Open AI 自监督学习笔记:Self-Supervised Learning

2023-10-27

转载自微信公众号
原文链接: https://mp.weixin.qq.com/s?__biz=Mzg4MjgxMjgyMg==&mid=2247486049&idx=1&sn=1d98375dcbb9d0d68e8733f2dd0a2d40&chksm=cf51b898f826318ead24e414144235cfd516af4abb71190aeca42b1082bd606df6973eb963f0#rd

Open AI 自监督学习笔记


文章目录


Video: https://www.youtube.com/watch?v=7l6fttRJzeU
Slides: https://nips.cc/media/neurips-2021/Slides/21895.pdf

Self-Supervised Learning
Self-Prediction and Contrastive Learning

  • Self-Supervised Learning
    • a popular paradigm of representation learning

Outline

  • Introduction: motivation, basic concepts, examples
  • Early Work: Look into connection with old methods
  • Methods
    • Self-prediction
    • Contrastive Learning
    • (for each subsection, present the framework and categorization)
  • Pretext tasks: a wide range of literature review
  • Techniques: improve training efficiency

Introduction

What is self-supervised learning and why we need it?

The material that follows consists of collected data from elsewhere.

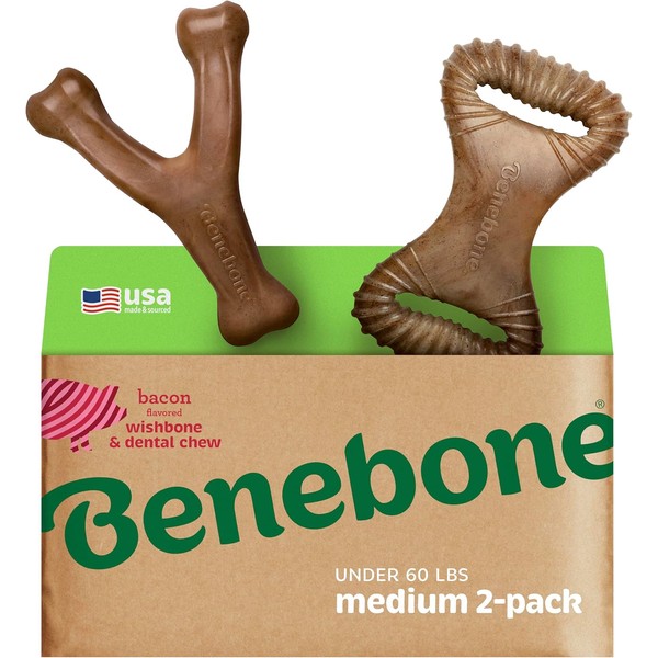 Benebone 2-pack Wishbone/Dental Durable Dog Chew Toys, Dog Toys for Aggressive Chewers, Real Bacon, Made in USA, Medium
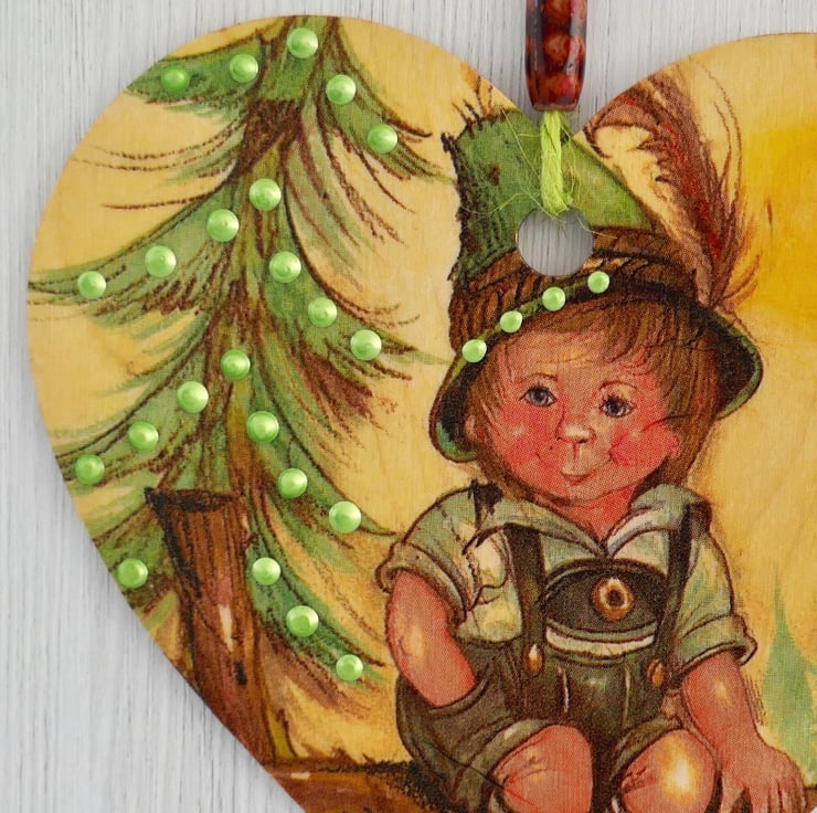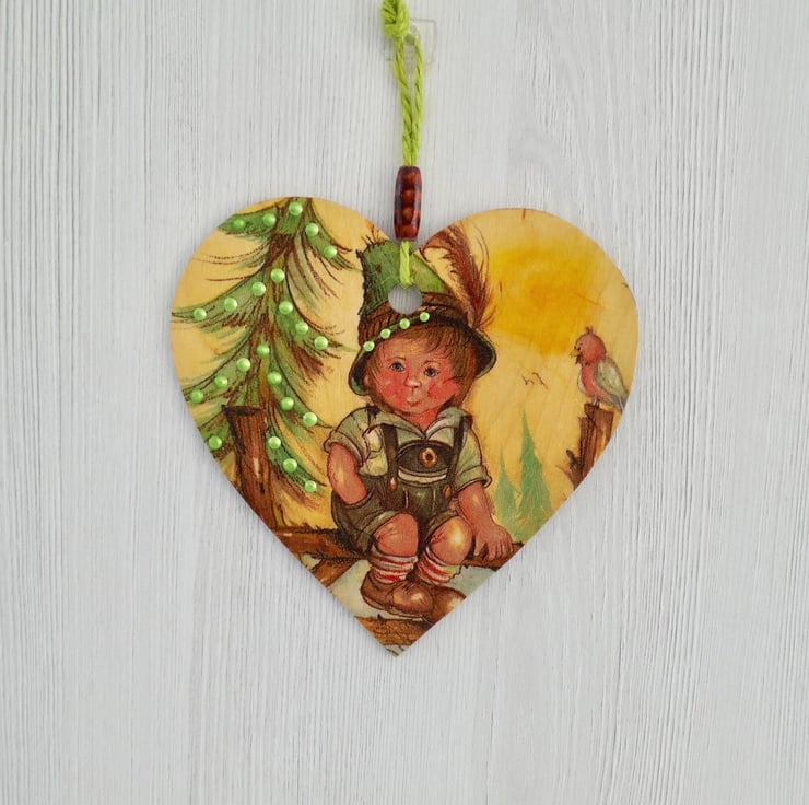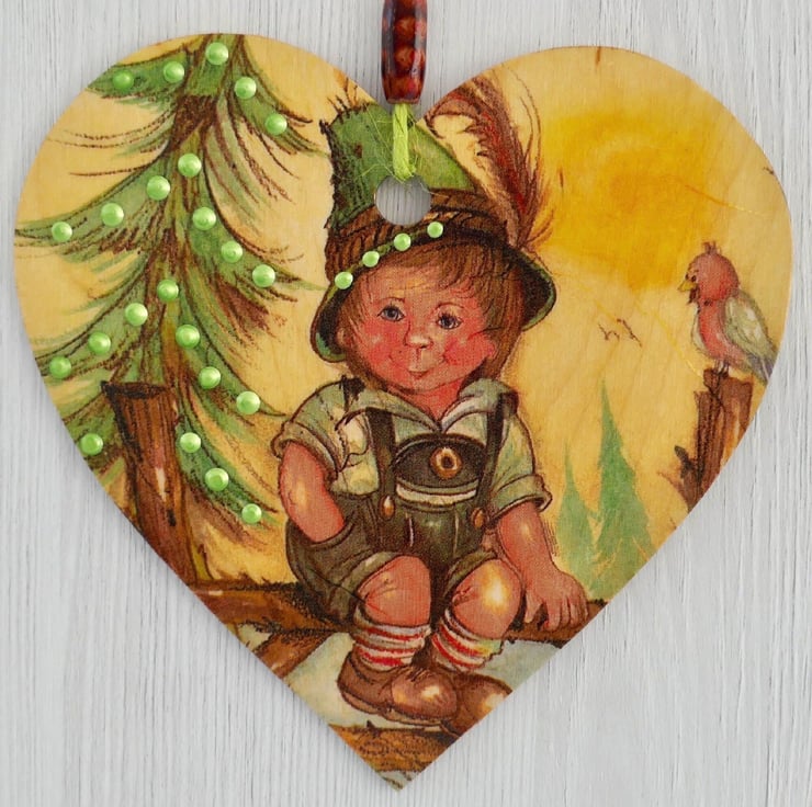 Decoupaged Wooden Hanging Heart: Tyrollean Boy design 15cm
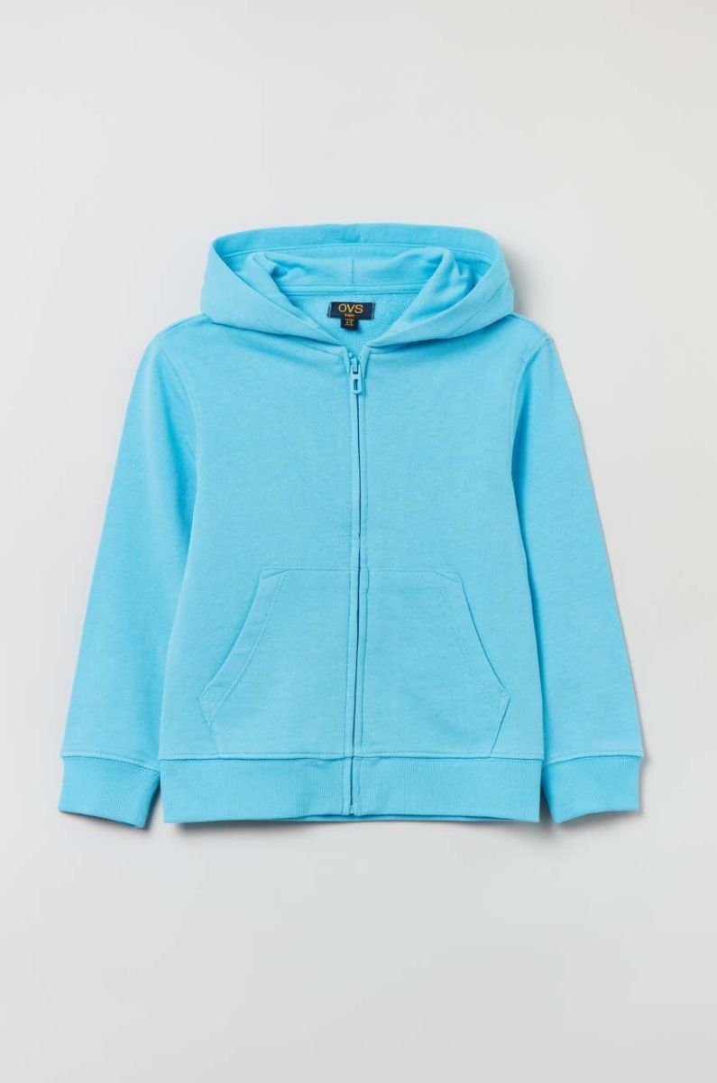 Дитяча бавовняна кофта OVS з капюшоном однотонна колір блакитний (3042956)

What is self-supervised learning?
  • Self-supervised learning (SSL):
    • a special type of representation learning that enables learning good data representation from unlablled dataset
  • Motivation :
    • the idea of constructing supervised learning tasks out of unsupervised datasets

    • Why?

      ✅ Data labeling is expensive and thus high-quality dataset is limited

      ✅ Learning good representation makes it easier to transfer useful information to a variety of downstream tasks ⇒ \Rightarrow e.g. Few-shot learning / Zero-shot transfer to new tasks

Self-supervised learning tasks are also known as pretext tasks

What’s Possible with Self-Supervised Learning?
  • Video Colorization (Vondrick et al 2018)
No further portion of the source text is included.